=== SUPPLIED INFORMATION ===
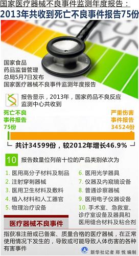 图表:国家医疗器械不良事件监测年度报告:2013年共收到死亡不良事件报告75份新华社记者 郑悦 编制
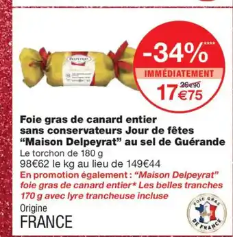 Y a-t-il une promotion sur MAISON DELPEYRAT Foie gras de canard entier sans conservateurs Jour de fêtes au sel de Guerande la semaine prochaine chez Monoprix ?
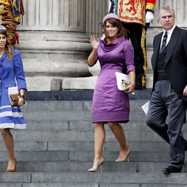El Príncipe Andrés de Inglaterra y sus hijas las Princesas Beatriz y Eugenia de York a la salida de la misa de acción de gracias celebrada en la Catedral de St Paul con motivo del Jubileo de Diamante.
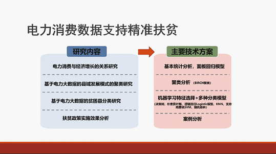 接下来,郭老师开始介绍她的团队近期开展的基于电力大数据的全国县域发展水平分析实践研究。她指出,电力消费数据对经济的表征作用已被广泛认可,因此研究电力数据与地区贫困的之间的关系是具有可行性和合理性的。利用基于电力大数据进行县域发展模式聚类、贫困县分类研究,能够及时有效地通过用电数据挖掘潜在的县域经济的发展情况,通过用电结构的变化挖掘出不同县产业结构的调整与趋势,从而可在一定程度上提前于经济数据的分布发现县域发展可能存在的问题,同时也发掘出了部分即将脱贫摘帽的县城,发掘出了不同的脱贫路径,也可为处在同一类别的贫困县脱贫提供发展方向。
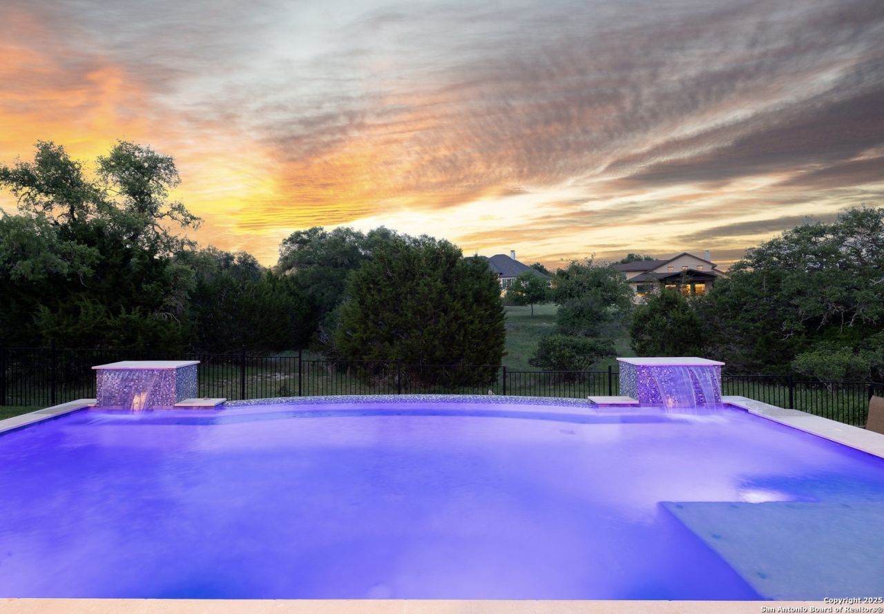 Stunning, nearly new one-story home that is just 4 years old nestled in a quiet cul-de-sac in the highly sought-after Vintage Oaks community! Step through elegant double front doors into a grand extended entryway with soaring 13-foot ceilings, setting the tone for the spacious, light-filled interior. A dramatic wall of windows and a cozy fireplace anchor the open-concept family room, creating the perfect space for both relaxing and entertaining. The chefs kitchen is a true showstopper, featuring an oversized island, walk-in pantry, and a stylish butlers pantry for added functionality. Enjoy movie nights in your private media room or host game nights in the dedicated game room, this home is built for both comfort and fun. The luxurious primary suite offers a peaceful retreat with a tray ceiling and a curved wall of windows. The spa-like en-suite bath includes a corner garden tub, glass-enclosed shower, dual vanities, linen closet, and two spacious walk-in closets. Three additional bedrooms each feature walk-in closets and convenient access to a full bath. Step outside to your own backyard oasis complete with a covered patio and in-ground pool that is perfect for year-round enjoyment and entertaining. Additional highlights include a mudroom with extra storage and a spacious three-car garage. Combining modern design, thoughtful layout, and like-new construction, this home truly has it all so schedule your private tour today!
===
All of the material should be reproduced exactly, apart from the pictures.

* _TASK RESULT_:
 图表:国家医疗器械不良事件监测年度报告:2013年共收到死亡不良事件报告75份新华社记者 郑悦 编制
 Y a-t-il une promotion sur MAISON DELPEYRAT Foie gras de canard entier sans conservateurs Jour de fêtes au sel de Guerande la semaine prochaine chez Monoprix ?
El Príncipe Andrés de Inglaterra y sus hijas las Princesas Beatriz y Eugenia de York a la salida de la misa de acción de gracias celebrada en la Catedral de St Paul con motivo del Jubileo de Diamante.
 接下来,郭老师开始介绍她的团队近期开展的基于电力大数据的全国县域发展水平分析实践研究。她指出,电力消费数据对经济的表征作用已被广泛认可,因此研究电力数据与地区贫困的之间的关系是具有可行性和合理性的。利用基于电力大数据进行县域发展模式聚类、贫困县分类研究,能够及时有效地通过用电数据挖掘潜在的县域经济的发展情况,通过用电结构的变化挖掘出不同县产业结构的调整与趋势,从而可在一定程度上提前于经济数据的分布发现县域发展可能存在的问题,同时也发掘出了部分即将脱贫摘帽的县城,发掘出了不同的脱贫路径,也可为处在同一类别的贫困县脱贫提供发展方向。
 Stunning, nearly new one-story home that is just 4 years old nestled in a quiet cul-de-sac in the highly sought-after Vintage Oaks community! Step through elegant double front doors into a grand extended entryway with soaring 13-foot ceilings, setting the tone for the spacious, light-filled interior. A dramatic wall of windows and a cozy fireplace anchor the open-concept family room, creating the perfect space for both relaxing and entertaining. The chefs kitchen is a true showstopper, featuring an oversized island, walk-in pantry, and a stylish butlers pantry for added functionality. Enjoy movie nights in your private media room or host game nights in the dedicated game room, this home is built for both comfort and fun. The luxurious primary suite offers a peaceful retreat with a tray ceiling and a curved wall of windows. The spa-like en-suite bath includes a corner garden tub, glass-enclosed shower, dual vanities, linen closet, and two spacious walk-in closets. Three additional bedrooms each feature walk-in closets and convenient access to a full bath. Step outside to your own backyard oasis complete with a covered patio and in-ground pool that is perfect for year-round enjoyment and entertaining. Additional highlights include a mudroom with extra storage and a spacious three-car garage. Combining modern design, thoughtful layout, and like-new construction, this home truly has it all so schedule your private tour today!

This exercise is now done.